[YOUR TASK]
With the pictures removed, retype the lines from the one holding "[다잇템][다잇템] 여자 벨벳반팔티" through the end of the records, exactly as written.

[DATA UNDER STUDY]
+-------+

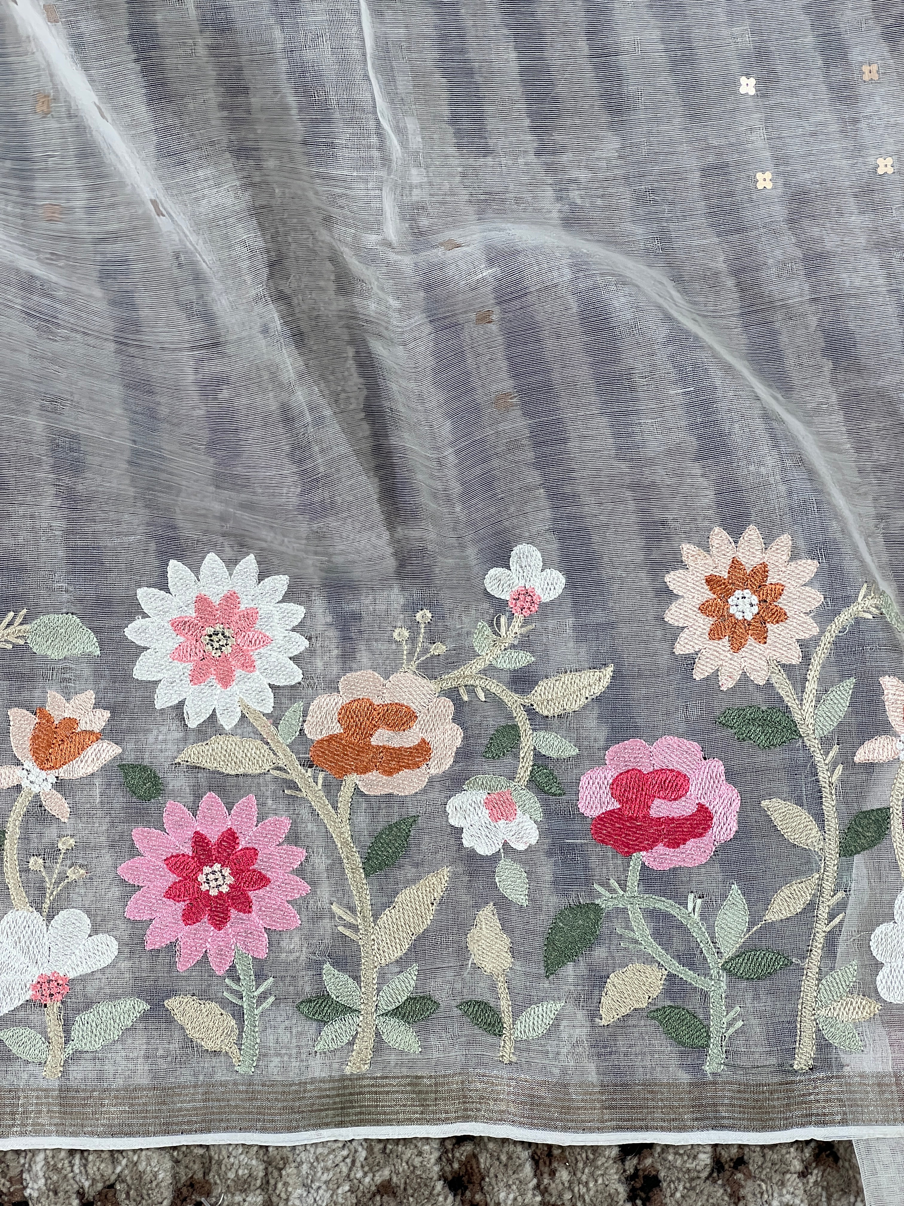 - Style: Sequence Weaving Pattern, Sliver And Golden Zari Border, Embroidery
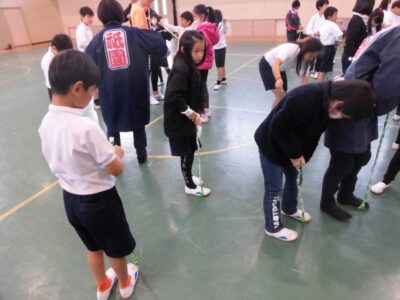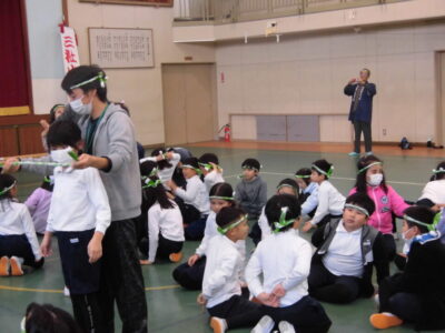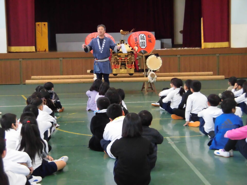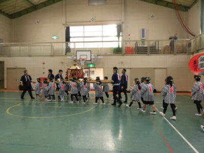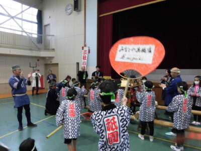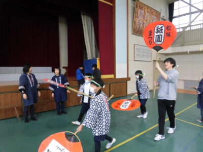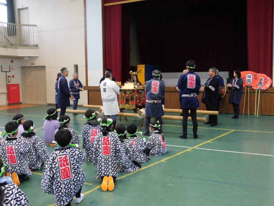 今日は、午後から三社小若みこし世話人会の方々にお越しいただき、例年、松阪市の祇園祭で行われている小若みこしについて説明をしていただき、実際にかけ声のかけ方を教えていただいたり、神輿をかついで歩く体験をさせていただいたりしました。
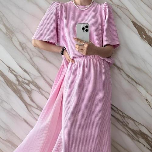 [다잇템][다잇템] 여자 벨벳반팔티 긴치마 골지 박스 H라인 세트_20404600_588872
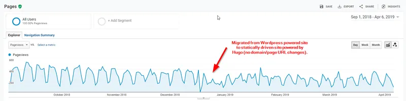 Migrated from Wordpress (full-blown CMS) to Hugo (static-site generator). The GitHub repo that the site is generated from can be found at https://github.com/gbmhunter/blog.
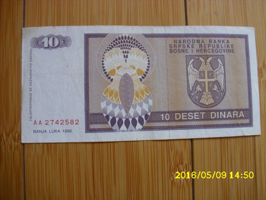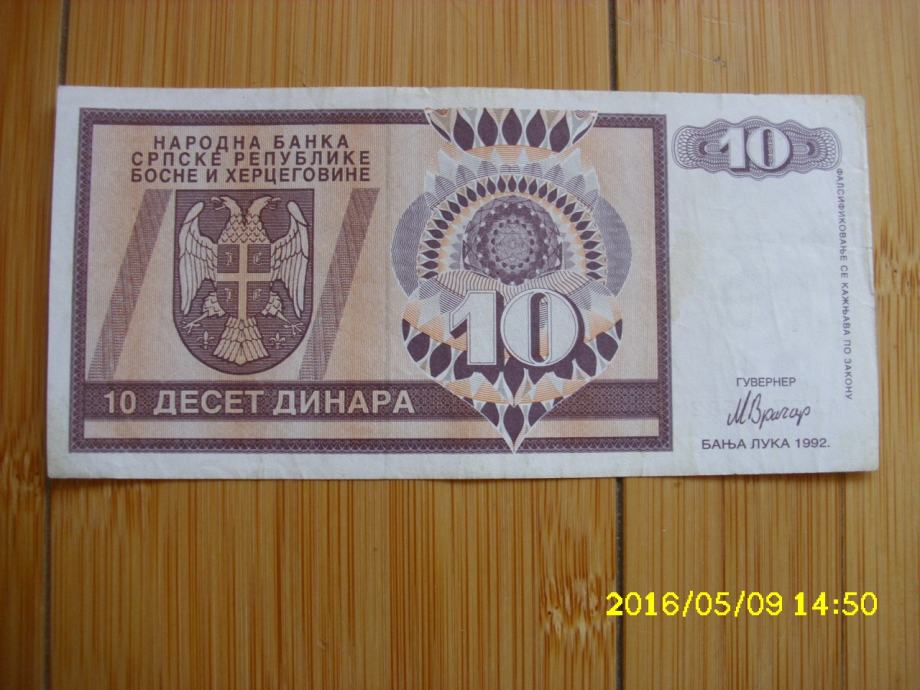 Republika Srpska 10 dinara 1992.

+-------+

[YOUR SOLUTION]
 [다잇템][다잇템] 여자 벨벳반팔티 긴치마 골지 박스 H라인 세트_20404600_588872
 Migrated from Wordpress (full-blown CMS) to Hugo (static-site generator). The GitHub repo that the site is generated from can be found at https://github.com/gbmhunter/blog.
 Republika Srpska 10 dinara 1992.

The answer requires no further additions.